In Python, thread safe does not mean fork safe

We discovered this in a not so easily reproducible way. Here at Mahalo we use this wonderful distributed task queue called Celery. Upon restarting the celeryd server, rarely (until recently) and only some of the workers would throw MemcachedError during their first task. The cause of the issue would be receiving a “STORED” reponse to a memcached_get (wtf?!) or some other variant of invalid response or an EINPROGRESS (which is the socket is already busy doing something). Now another tidbit, we also use Pylibmc which is a wrapper around the libmemcached C library which we’ve written a custom Django cache interface for.

Sounds like a threading/concurrency issue, no?

First thing to try was to switch our custom interface to use the ThreadMappedPool instead of just using the Client from Pylibmc.

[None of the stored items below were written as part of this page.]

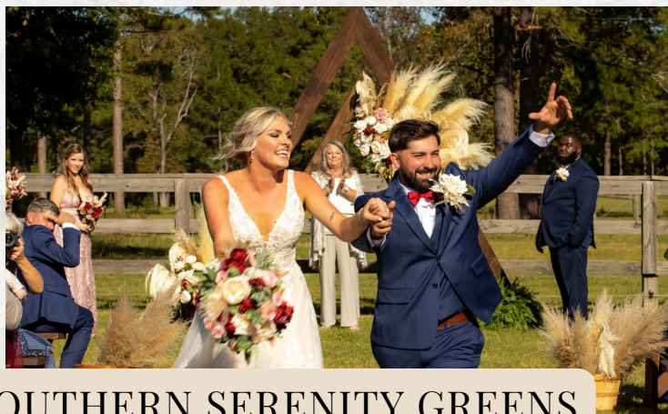
SOUTHERN SERENITY GREENS
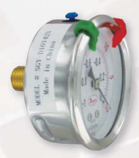
SGY back with accessory pointers
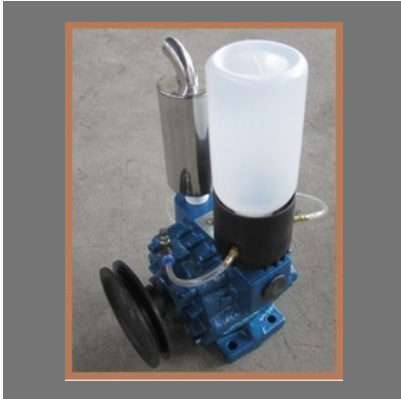
Vacuum Pump For Milking Machine
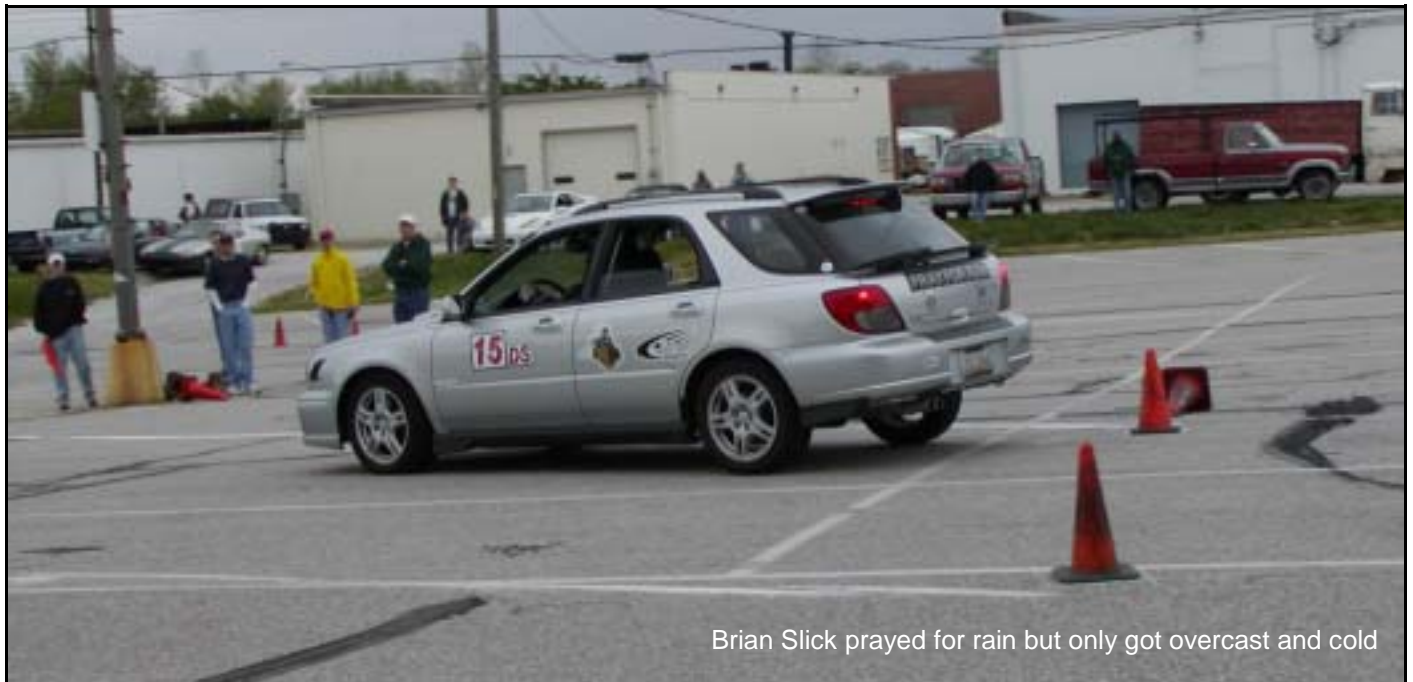
Brian Slick prayed for rain but only got overcast and cold
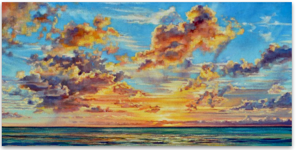
Solstice Sunset | Oil | 12 x 24 in.
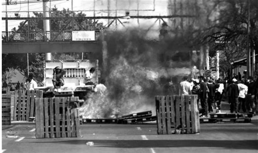
Monterrey, Mexico—February 2008

they were losing their grip on "public" space to hungry, angry, leaderless mobs. Bread or Blood is a threat, not a question. How do we gain leverage? We carry out our threats—or at least enough of them to make the bosses fear the power of our class; to remind them they are outnumbered and cowardly. And as the second banner slogan suggests, we can use public action to communicate and find solidarity with our peers, rather than to communicate political messages to politicians. We could create situations in which to act as a social force on behalf of our own well-being —and against all management and all political relations.
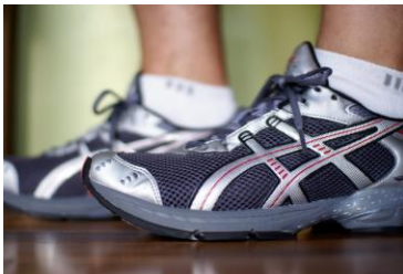
Standing is a therapy option following SCI. 1

Standing is an important part of functional movement in humans. Standing is needed for walking, and also provides a challenge to the circulatory system, bones, and muscles in ways that cannot be achieved in sitting or lying.
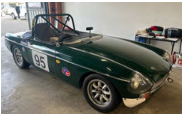
MGB on left of above group
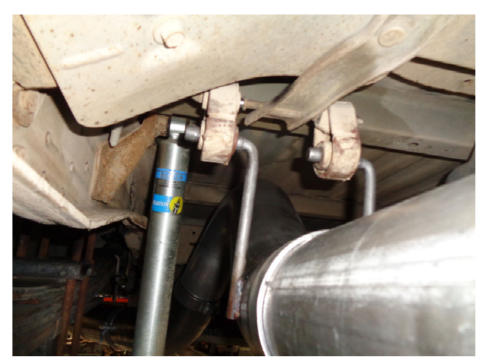
Step 4. Loosely install the Y-Collector and Over Axle Pipe Assemblies using the supplied clamps. Locate both welded hangers to the rubber insulators.
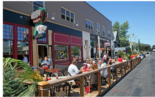
Example of on-street parking temporarily repurposed as dining
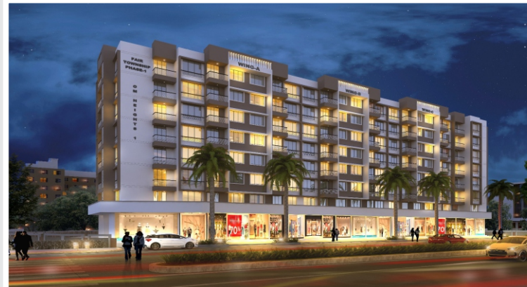
FAIR TOWNSHIP, PALGHAR (W)

Our core ideals revolve around trust, high quality work and timely possession.
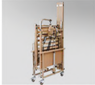
Compact delivery and storage on storage aid/transportation aid (similar to illustration).
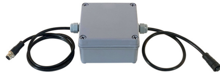
Shown in grey

The watertight Junction Box is especially designed for lighting in wet and damp locations. The Junction Box comes standard with 8 feet of outdoor cable and both male and female barrel connectors providing easy, safe, and reliable connections for 24V low voltage luminaires. Included with the Junction Box is one WiZ Pro type Bridgebox allowing for 5 Channel wireless control of the TruColor RGBTW luminaire. This box is approved for indoor and outdoor usage and complies with all the requirements of UL1241 and the National Electric Code. Available in two wattage options: 5W5 - 5 watts RGB and 5 watts Tunable White 5W7 - 5 watts RGB and 7 watts Tunable White
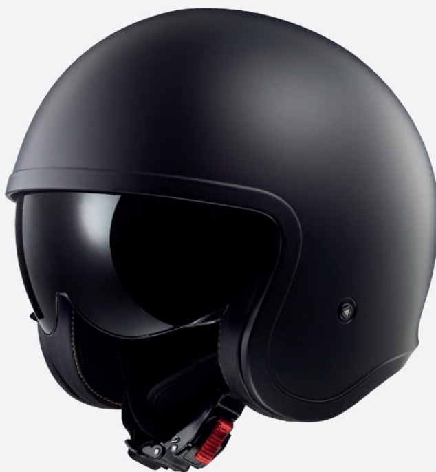
SOLID Matt Black 30599 10 11
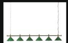
POOL TABLE LIGHTING
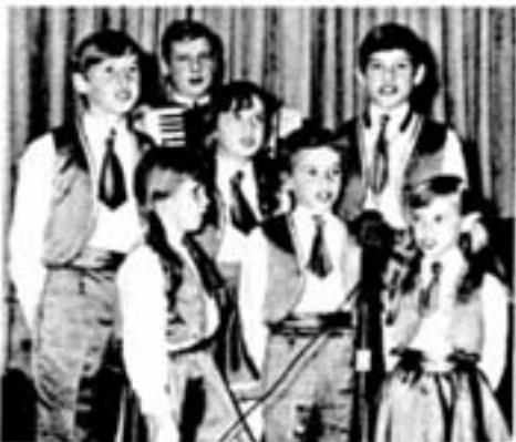
The seven Henkles, aged 8 to 17, sing in both English and German, besides performing traditional German folk dances.
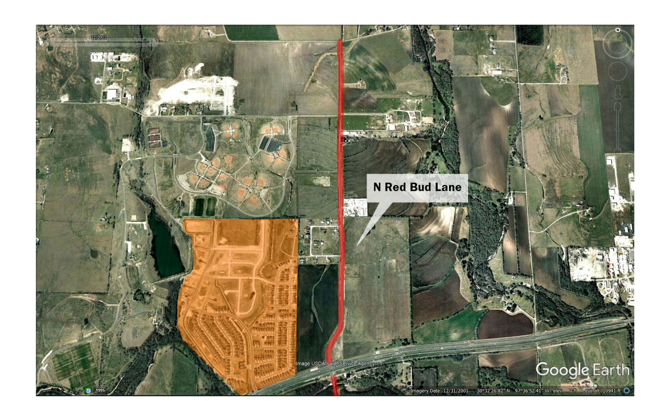
Project Area 2002
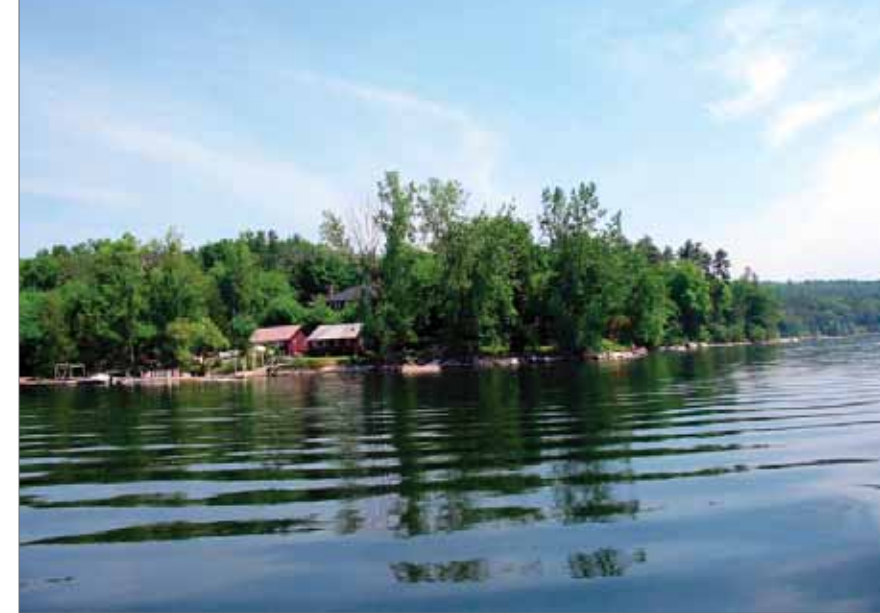
(B) Furnace Point, NY

It is thread safe after all.
Well, its thread safety comes from using thread.get_ident() as a key to a dictionary of Pylibmc.Clients. According to the docs, thread.get_ident() is a “magic cookie” (oh yay magic!) that can be recycled after a thread using it exits. Sounds all fine and dandy, we don’t mind Clients being reused after a thread exits. ThreadMappedPool seemed to solve the issue for us (well mask it anyway)… until recently that is. Now the real issue comes to light.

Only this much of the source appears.